This is a guest post by Sherry Helms

A writer who puts work in the postbox or clicks ‘send' on that email knows that there's a possibility that he or she may get a negative response or no response from the other side. Of course, nobody likes rejection. And those who like being rejected may be robots or emotionless creatures. But those who give up after two or three rejections, thinking that their work won't be worthy to be chosen without analyzing their strength and creativity, never get success. Yes, rejection stings. But it doesn't mean that you give up.

Please…NEVER, EVER give up.

You must admit that everyone faces rejection. It is happening all around you. Avoiding it or giving up only sets boundaries to your life's experience; it does not improve it. I have felt that deep sadness after rejections, but now I have found a number of ways how to face it and turn it to my improvement. Always remember that rejection is a part of being writer.

I know each rejection upsets you, but it is not permanent. It even helps a writer to build up a tolerance for rejection. There are a lot of pieces that were rejected at first but finally sold—and then were groundbreaking successes. Rudyard Kipling, who later won a Nobel Prize, was rejected by an editor who told him: “I am sorry, but you just don't know how to use the English language.

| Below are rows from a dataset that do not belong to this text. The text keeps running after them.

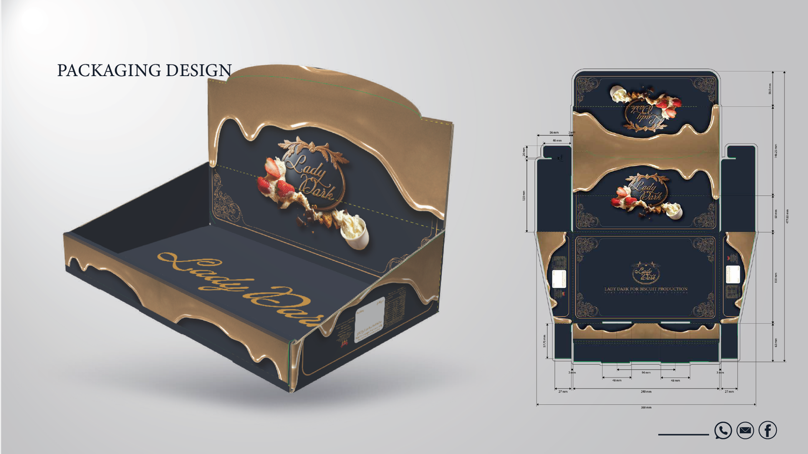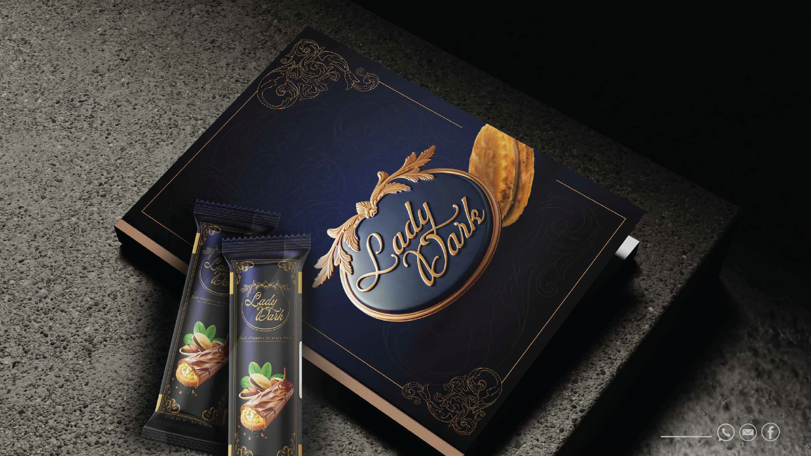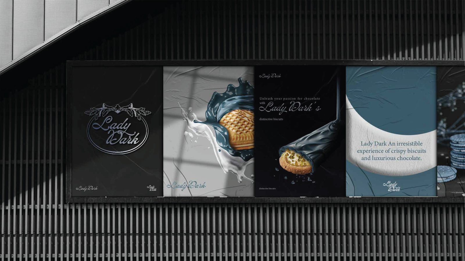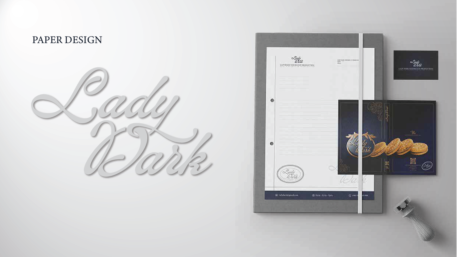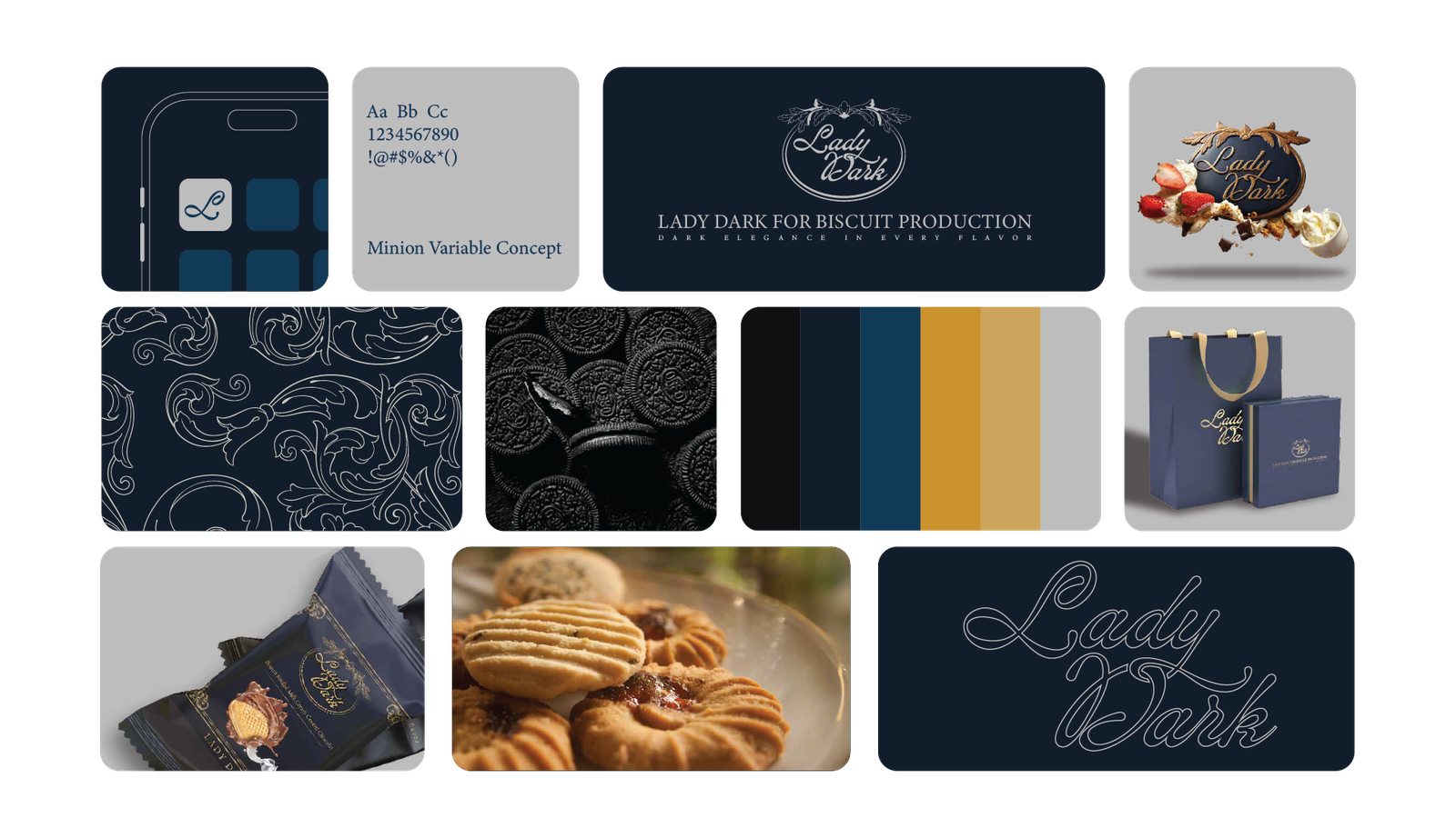 فلسفة التصميم: حيث تلتقي العراقة بالحداثة في Lady Dark، لم نصمم مجرد شعار، بل بنينا نظاماً بصرياً متكاملاً يعكس "الأناقة الداكنة" في كل تفصيلة. إليك كيف ترجمنا رؤية البراند إلى واقع ملموس: 1. المفهوم البصري (The Concept): اعتمدنا على الدمج بين الزخارف الكلاسيكية (Baroque/Floral Patterns) التي تعطي انطباعاً بالعراقة والفخامة، وبين الخطوط الانسيابية الحديثة. الهدف هو خلق براند "خالد" (Timeless) يخاطب حواس العميل قبل تذوق المنتج. 2. لوحة الألوان (Color Palette): تم اختيار الألوان بعناية فائقة لتعزيز الشعور بالـ "Premium": Deep Navy & Midnight Blue: ليعطي عمقاً، استقراراً، وفخامة لا تضاهى. Gold & Sand Tones: لإضافة لمسة من الإشراق والتباين العالي، مما يوحي بالجودة الذهبية للمكونات. Neutral Grey: لتحقيق التوازن البصري وجعل الهوية مريحة للعين في القنوات الرقمية. 3. الخطوط والتايبوجرافي (Typography): استخدمنا خط Minion Variable Concept وخطوطاً مخصصة (Custom Script) للشعار: الخطوط المنحنية في كلمة "Lady Dark" تعكس النعومة والانسيابية، بينما تعطي الخطوط "السيريف" (Serif) في النصوص الفرعية طابعاً رسمياً وجاداً يعزز من موثوقية البراند كشركة إنتاج بسكويت عالمية. 4. التغليف وتجربة المستخدم (Packaging & UX): النمط الزخرفي (Patterns): قمنا بتصميم أنماط فنية تُستخدم في التغليف وداخل التطبيقات الرقمية لتعزيز الـ Brand Recall (تذكر العلامة). التطبيق الرقمي: تم تصميم أيقونات وواجهات تطبيق الهاتف ببساطة متناهية (Minimalist) لتسهيل رحلة العميل في الطلب، مع الحفاظ على روح الهوية الداكنة والأنيقة. النتيجة: هوية بصرية لا تكتفي ببيع "بسكويت"، بل تبيع "تجربة فخمة" تبدأ من شكل العلبة وتنتهي بلذة المذاق.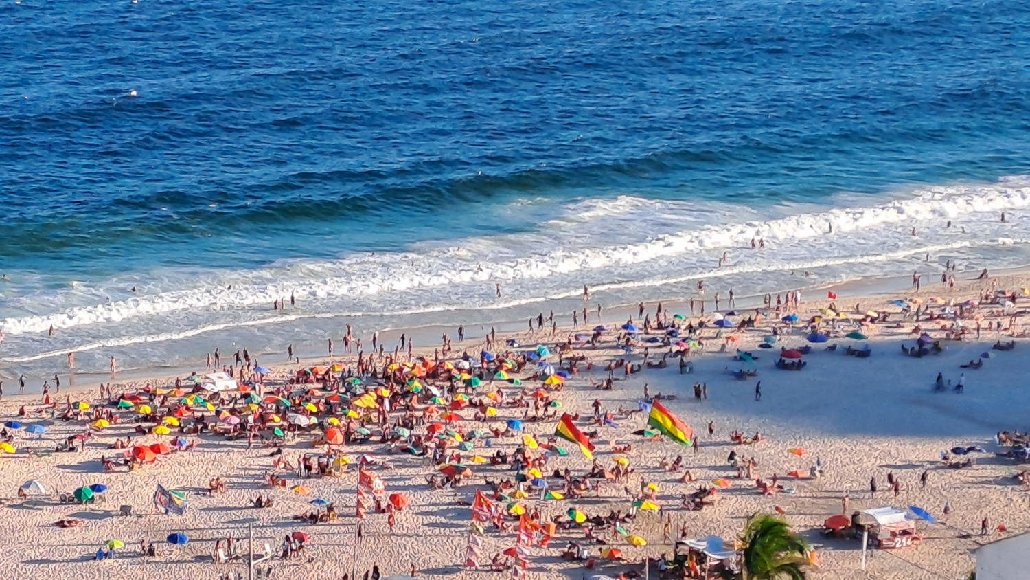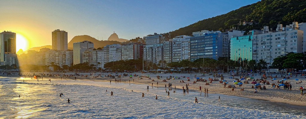 The beach is still busy as the sun sets in the early evening – the Christ the Redeemer can be seen in the far distance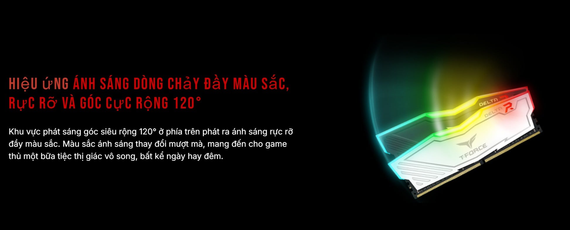 Ánh sáng RGB độc đáo: Điểm nhấn nổi bật nhất của T-Force Delta RGB là dải đèn LED RGB đầy đủ, chiếm 120° trên bề mặt tản nhiệt. Hiệu ứng ánh sáng rực rỡ, sống động có thể tùy chỉnh và đồng bộ với nhiều phần mềm của các hãng bo mạch chủ lớn như ASUS Aura Sync, GIGABYTE RGB Fusion, MSI Mystic Light Sync và ASRock Polychrome Sync, giúp bạn tạo nên một không gian PC cá nhân hóa theo phong cách riêng.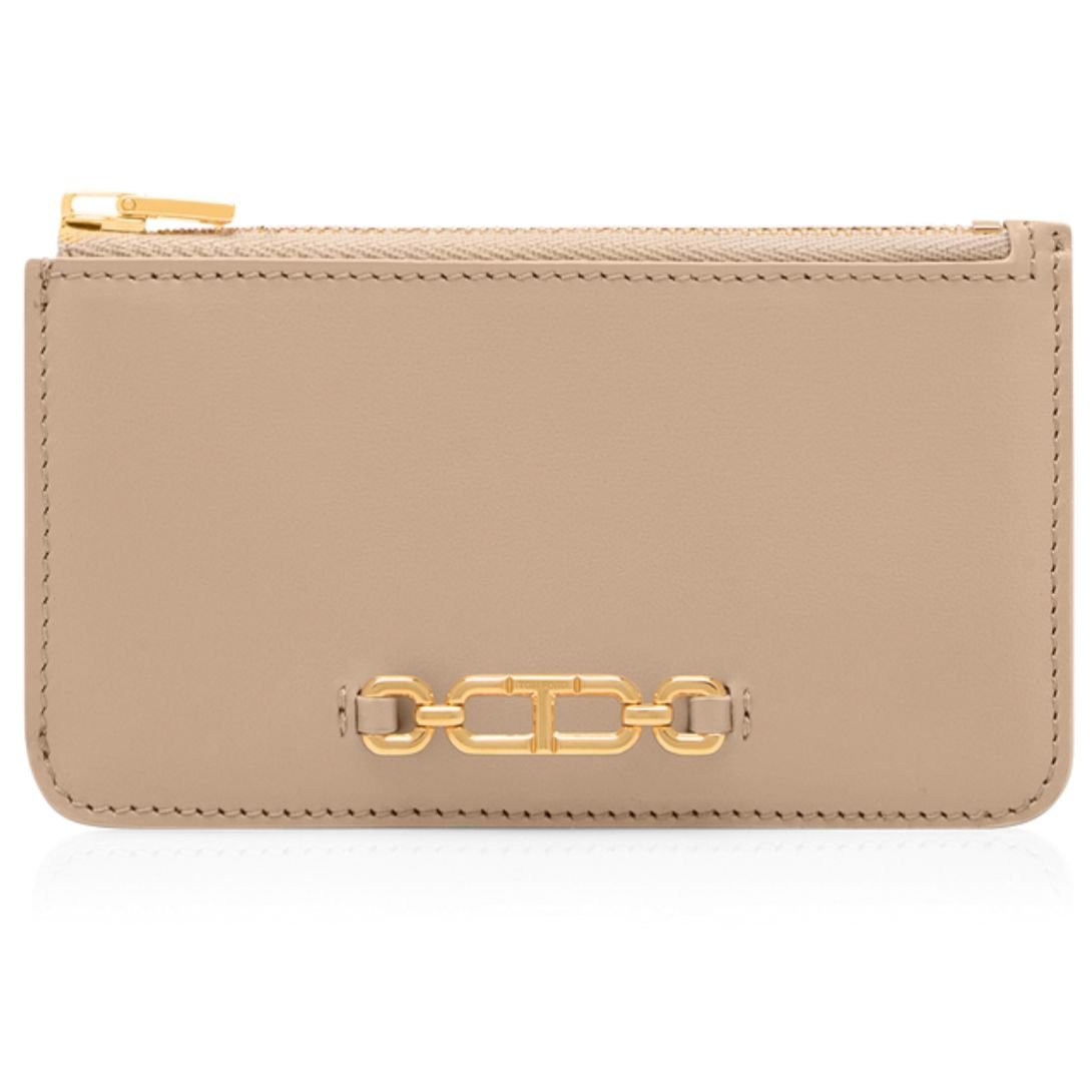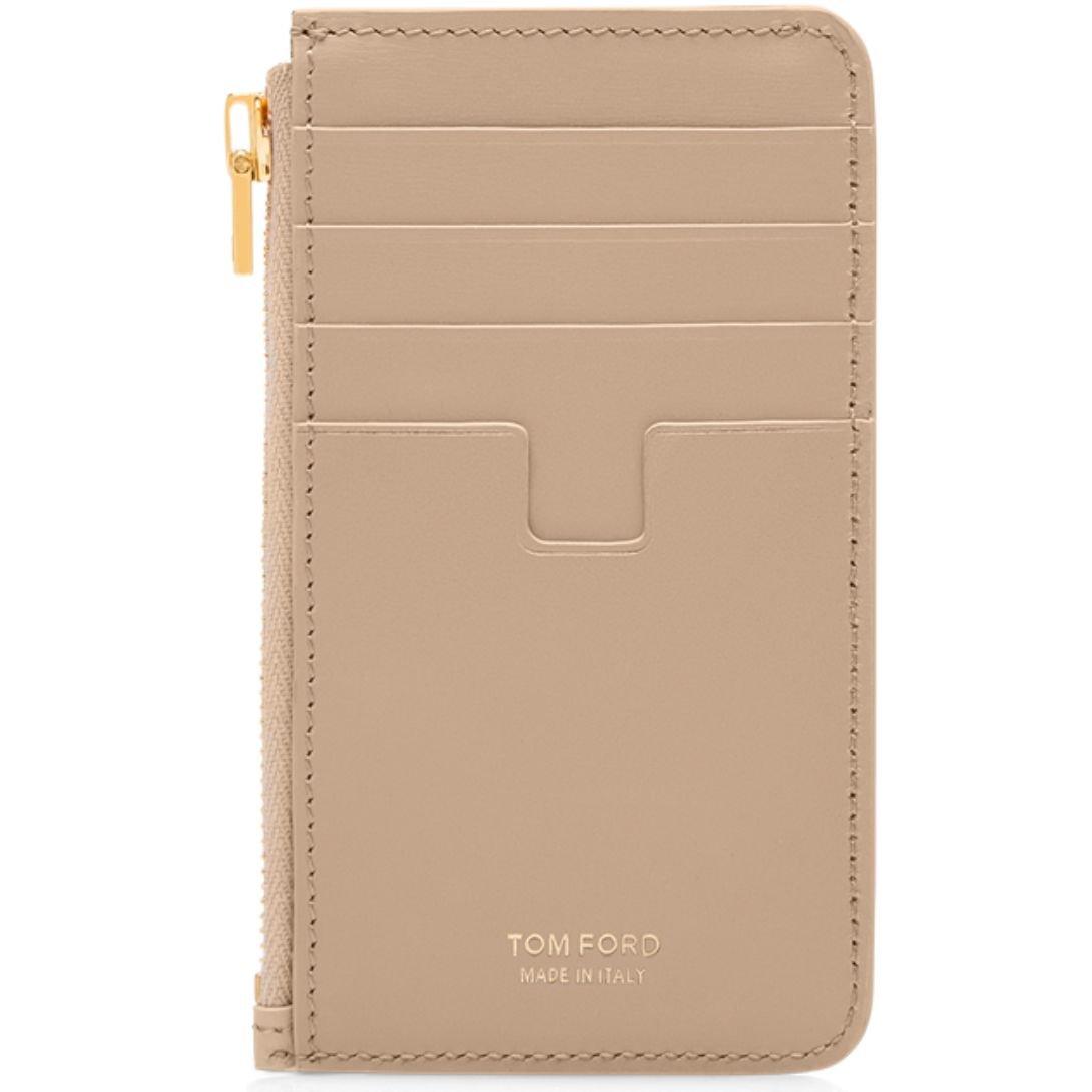 TOM FORD PALMELLATO EFFECT LEATHER ZIPPED CARD HOLDER LIGHT BEIGE

Rejection happens to the best

The comforting thing is to understand that all writers face rejection at least once in their life, no matter how famous they become. One of my favorite authors, J.K. Rowling, was rejected numerous times before her manuscript was published. Popular author William Saroyan collected around 7,000 rejection letters before the publication of his first short story. Even Kathyrn Stockett's novel The Help was rejected 60 times before it was ultimately accepted and later became a bestseller. Some other famous authors who received a compendium of rejections are Tony Hillerman, Tim Burton, Zane Grey, and Sylvia Plath, to name a few. Just reminding yourself of these examples helps a lot when you get a new rejection letter.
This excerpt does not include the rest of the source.